# So exactly what does the pulsator do?



## Cheryl aka JM (Aug 7, 2007)

The vacuum pump came in today~ I hooked it up to the bucket and pulsator that I rebuilt~ calibrated the balance tank I built and played with it till I got it to a steady 15lbs on the gauge I put on the balance tank. Woo Hoo! But it doesn't look to me like that pulsator is doing anything at all. I purchased the refurbish kit for it from Hamby Dairy supply~ the instructions were confusing but I did get it taken completely apart, clean it and put back together the way it came apart. The picture on the Hamby instructions for surge pulsator show 4 washers in the Valve Carrier but mine only had three washers in there~ the metal disk (Rusty I cleaned them and lightly sanded) the leather one (replaced) and the edged one (replaced) The instructions say to "Inspect the SS Spring Washers" and shows a washer I did not have between the leather and the edged washer~ but mine did not have any in it to start with so I did not have any to put back in it. It is pulling a vacuum (I pulled a bruise onto my thumb putting it in the teat cup and playing with the adjusting screw).

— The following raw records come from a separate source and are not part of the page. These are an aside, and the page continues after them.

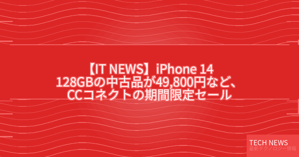 【IT NEWS】iPhone 14 128GBの中古品が49,800円など、CCコネクトの期間限定セール
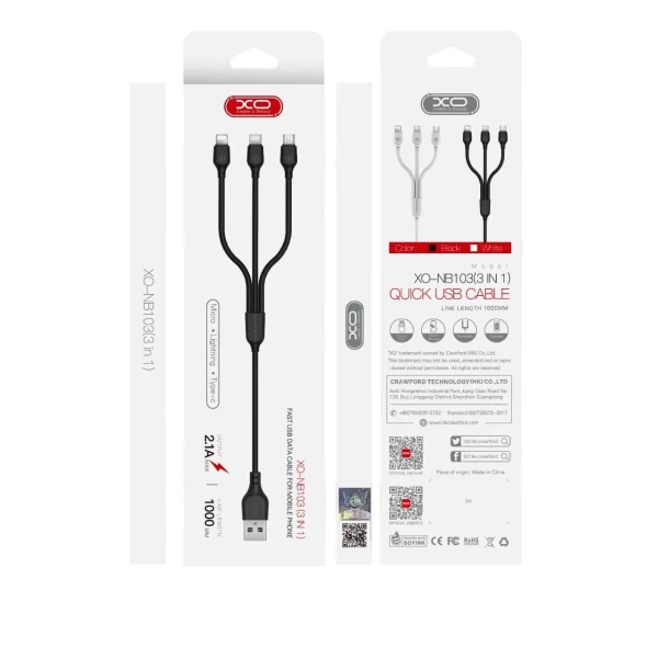 XO-NB103 Καλώδιο φόρτισης 3 σε 1 από USB A σε Lightning + Type C + Micro USB 1.2m
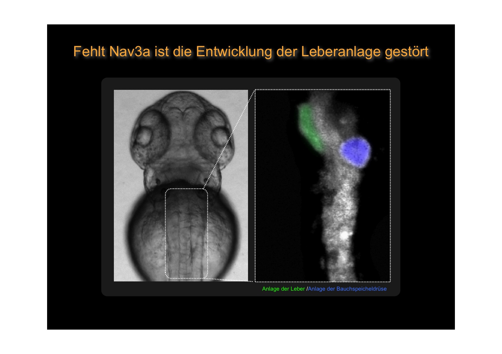 Seit einiger Zeit ist bekannt, dass Navigatorgene des Gehirns in der Frühphase der Embryonalentwicklung auch bei der Ausbildung des Gefäßsystems eine Rolle spielen. Mit diesem Thema befasst sich die Forschungsgruppe von Prof. le Noble. Im Rahmen seiner Arbeit am Zebrafisch stieß Dr. Klein, der in dieser Gruppe arbeitet, darauf, dass das Navigator-Gen nav3a ebenfalls bei der Entwicklung der Leber von Bedeutung ist.
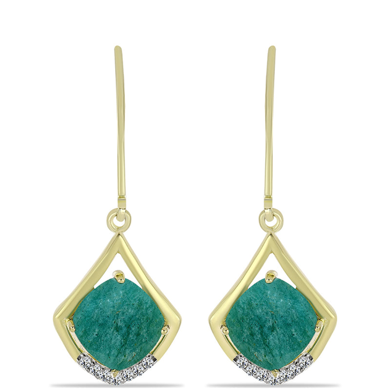 Pozlacené Stříbrné Náušnice s Amazonitem a Bílým Topazem
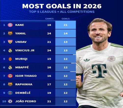北京時間4月23日,德轉(zhuǎn)統(tǒng)計出了2026年歐洲五大聯(lián)賽+所有賽事進(jìn)球最多的10名球員,哈里-凱恩以18場打進(jìn)21球的數(shù)據(jù)高居第一,亞馬爾14球排名第二。
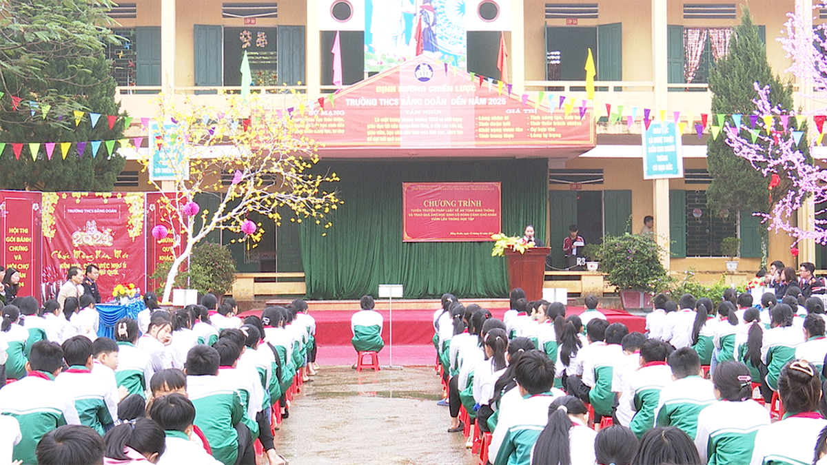 | Quang cảnh buổi tuyên truyền pháp luật về ATGT tại trường THCS Bằng Doãn |
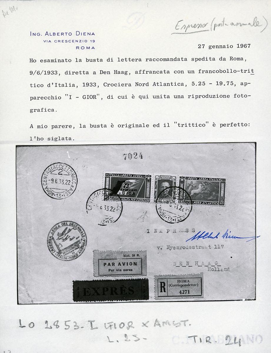 1933 - 5,25 + 19,75 lire Trittico I-GIOR (51C), perfetto, su aerogramma raccomandato espresso da Roma 9/6/1933 per l'Olanda, bolli di transito e di arrivo al verso e bolli speciali della Crociera Nord Atlantica. Cert. A.Diena.
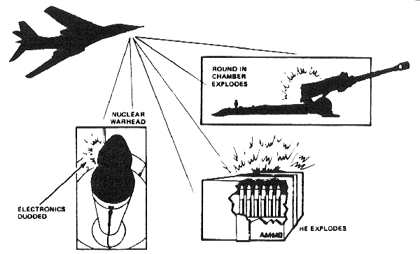 In the endothermic mode, the bias on the transmitters is such that energy is extracted from the distant intersection zone, to re-emerge at the transmitters. There the energy must be caught and disposed of if it is not to burn out the transmitters. When very large amounts of energy are extracted from distant points, the Soviets often use a "dump" method of temporarily capturing, and storing in an accumulator, the heat energy emerging at the transmitters. A second howitzer in the exothermic mode is then fed by a "scalar energy tap" established into the accumulator. This howitzer is focused on a distant dump site -- often Bennett Island, where exhausts are continually observed by U.S. weather satellites. In the impulsive endothermic mode, energy is impulsively extracted from the distant intersection zone. In the atmosphere this results in a very sharp cooling, or a "cold explosion." It also results in the type of boom and rumble often associated with thunder after a lightning bolt. On April 9, 1984 the Soviet Union tested such a "cold explosion" off the coast of Japan, near the Kuril Islands. In the suddenly induced low pressure "cold zone" above the ocean, ocean water was sharply sucked up from the ocean, forming a dense cloud. Then air rushing in to the low pressure zone forced the cloud upward, forming a mushroom much like that of an atomic explosion in visual appearance, except for the absence of a flash and the absence of a giant shock wave moving out away from the site of the explosion. (In this case the Soviets controlled the rise time of the pulse so that no "giant atmospheric boom" occurred.). As the cloud rises, it expands by mixing -- very similar to a giant thunderhead buildup, except much faster. In this case the cloud rose to 60,000 feet in about 2 minutes, spreading out until it reached a diameter of about 200 miles. The incident was seen by the pilots and crews of several Boeing 747 jet airliners in the general vicinity. Sometime after that, a U.S. weather satellite photo of the area occurred. The cloud in that photo has an anomalous density distribution, differing from that of all other clouds in the area.
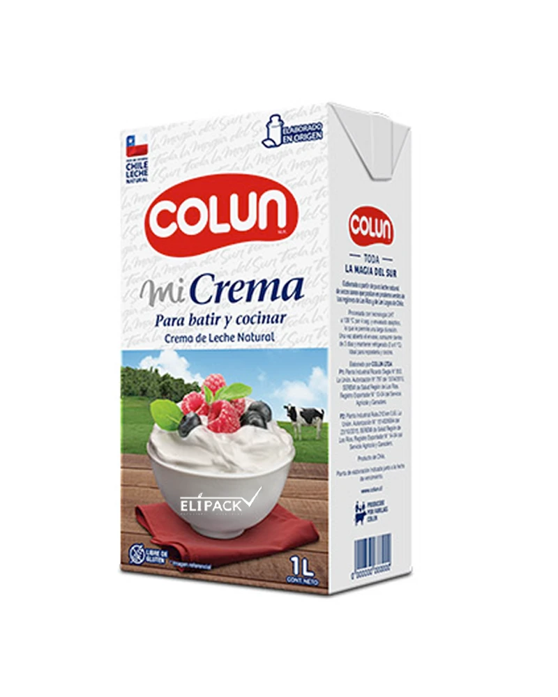 La Crema para batir UHT COLUN es obtenida a partir de leche fresca que es sometida a enfriamiento, pasteurización y estandarización de materia grasa antes del tratamiento UHT (Ultra High Temperature) a 138°C por 4 segundos y envasado aséptico, lo que le permite una larga duración. Esta crema al ser tratada y envasada en su lugar de origen, conserva sus características nutricionales y organolépticas.
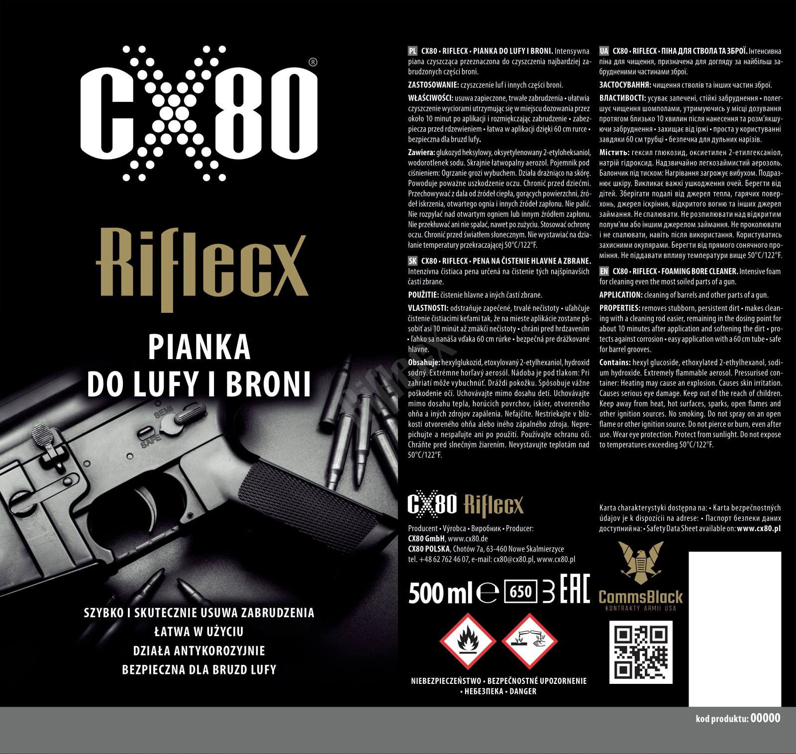 W przeciwieństwie do wielu innych pian - pianka RifleCX zachowuje gęstość przez cały czas działania- co przekłada się na dokładne wyczyszczenie lufy.
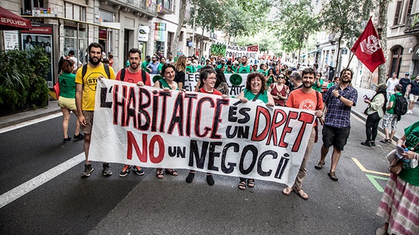 Este sábado, Barcelona ha vivido una jornada histórica con la manifestación por el derecho a la vivienda más grande de la historia del Estado español. 170.000 personas han llenado las calles del centro de la ciudad para exigir las cuatro medidas urgentes contra la especulación: bajada de los alquileres, contratos indefinidos, recuperación de los pisos vacíos, turísticos y de temporada, y prohibición de la compra para especular. La marcha, convocada por más de 4.000 organizaciones, ha contado con una treintena de columnas llegadas de toda Cataluña a pie, en autobús o en tren.
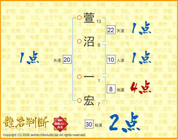 萱沼一宏さんの天運は22画の1点!
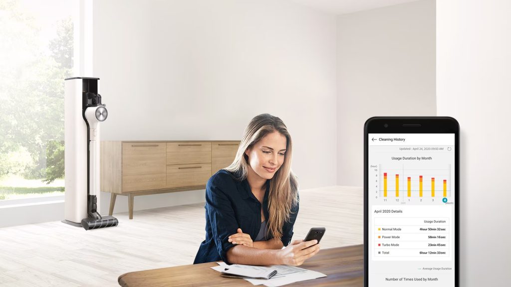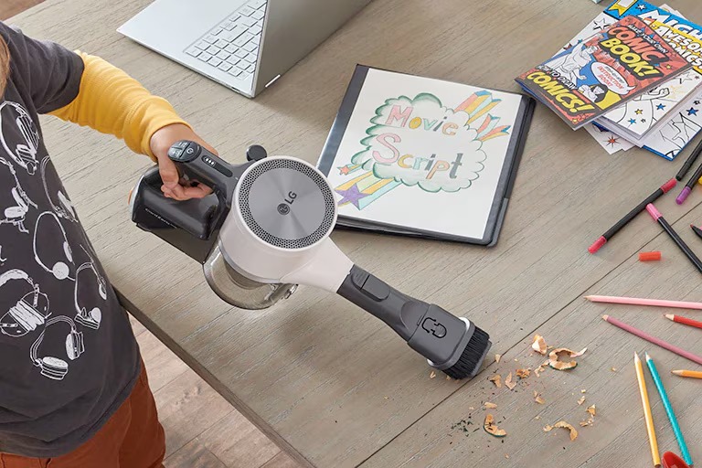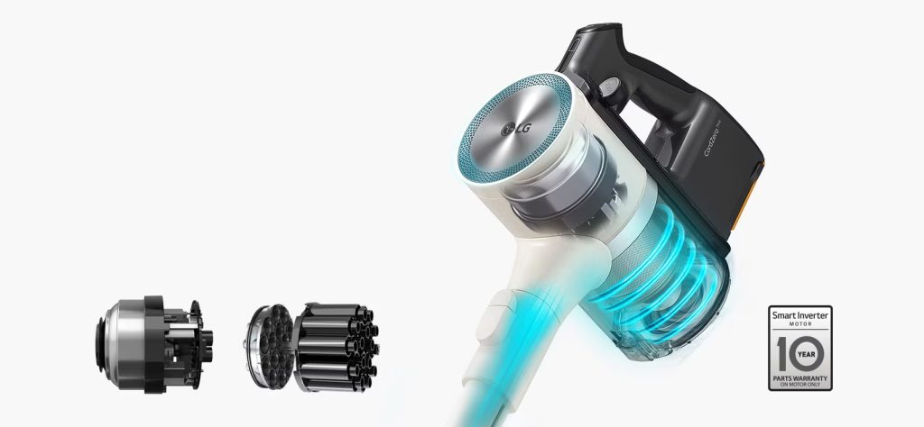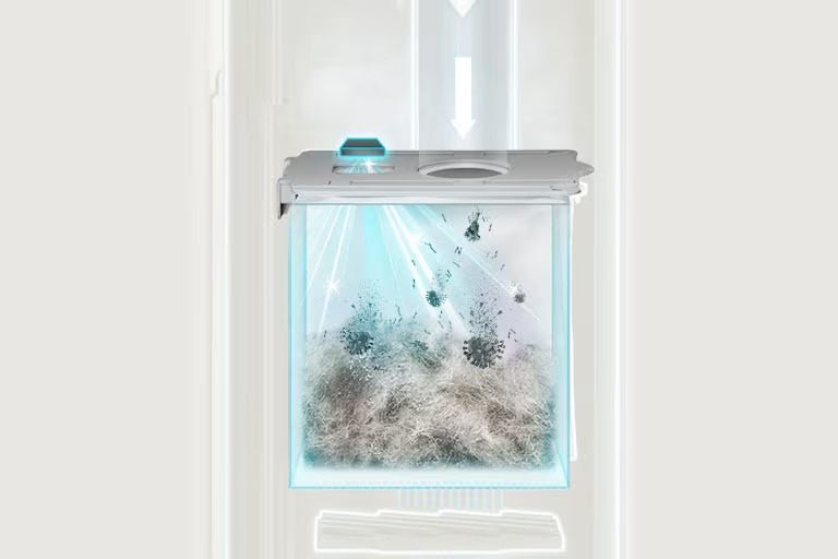 Teknologi LG KOMPRESSOR™ menjimatkan masa anda dengan memampatkan habuk dan rambut yang terkumpul di dalam tong sampah.
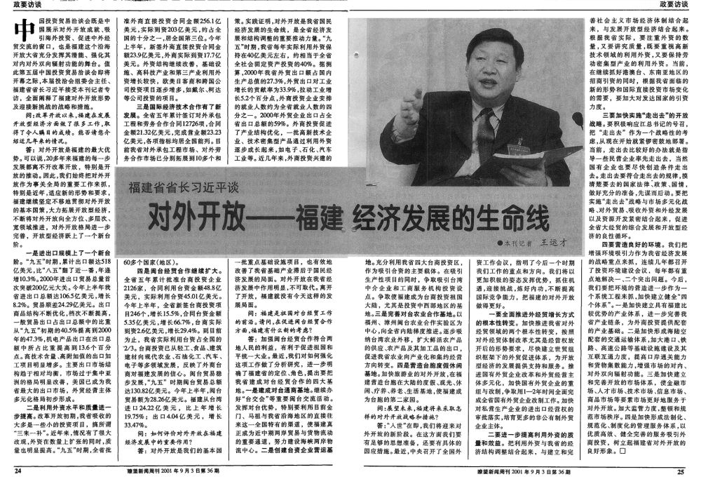 這篇專訪《福建省省長習(xí)近平談:對外開放——福建經(jīng)濟發(fā)展的生命線》,在《瞭望》2001年第36期刊發(fā)后,被臺灣媒體廣泛轉(zhuǎn)載,在廣大臺灣同胞中引起了強烈的共鳴。

So ~ What exactly does the pulsator do? It's kind of hard to decide if it is working or not as I've never seen one work and I'm not entirely sure how I would be able to tell it is working.


----------



## DaleK (Sep 23, 2004)

Stick your finger in a teat cup when the milker is hooked up. If the inflations are opening and squeezing, the pulsator is working (simple answer, the ratios might or might not be right but that's more advanced). If the inflations don't squeeze and relax, it isn't pulsating.


----------



## Cheryl aka JM (Aug 7, 2007)

Squezing...no relaxing. So it's not working. Thats what I suspected but like I said I've never seen one used before so what seemed like it should be might not be so. Now I've got to figure out why no pulse.....


----------



## Cheryl aka JM (Aug 7, 2007)

more research and hooking it up to my thumb again~ I think the valve carrier is supposed to move. Nothing is moving on my pulsator. I'm going to take it apart again and see if polishing the inside of the valve carrier will allow it to move.


----------



## Madsaw (Feb 26, 2008)

You will need to make sure you have the valves in teh correct spots under the slid saddles. Also with a freash rebuild you may need to open the speed valve wide open and force the slide saddle with your finger nail back and forth to get them going. 
If I remeber it in the morn I will try my new smart phone and do a vid of them working. Been around these units all my life. You can actually back your vaccuum off to 13or a hair less. Its easier on the cows. We have been running ours at 10.5.
Bob


----------



## Cheryl aka JM (Aug 7, 2007)

I'm still experimenting with it~ so it's not been on the cow and at 15 I have pulled quite a bruise into both my thumbs testing it and that hurts! I will definitely try less than 15 on the cow! I think I have figured out that the carriage in front must move because moving it manually causes the teat cup to squeeze and release. But I don't know if that back carriage does anything~ and that front carriage is not going to move without some serious pushing on it. I tried. I've got another pulsator out now and am playing with it~ seems to be the same problem that carriage is hard for me to move manually and the pump is not causing it to move. I'm re-cleaning to be SURE all the air pinholes are clear....
and I'm frustrated.
Maybe I have to buy one someone else refurbished already? I wanted to use that thing today but more than that I wanted to fix it~ not pay someone else to.


----------



## Cheryl aka JM (Aug 7, 2007)

I DID IT!! We have pulse!! Both carriages move!! I think I didn't have all the ports as clean as I thought i did cuz when I went back and recleaned them all....it pulses!!

Wow I'm proud of myself!
Next as soon as the rain stops we will see if Bessie kills me for putting that thing on her! LOL!
IT PULSES!!!

THANK YOU for the help!!!!


----------



## BlackWillowFarm (Mar 24, 2008)

Just a note: your vacuum should be in the -13 range for milking.  Anything higher can damage the teats.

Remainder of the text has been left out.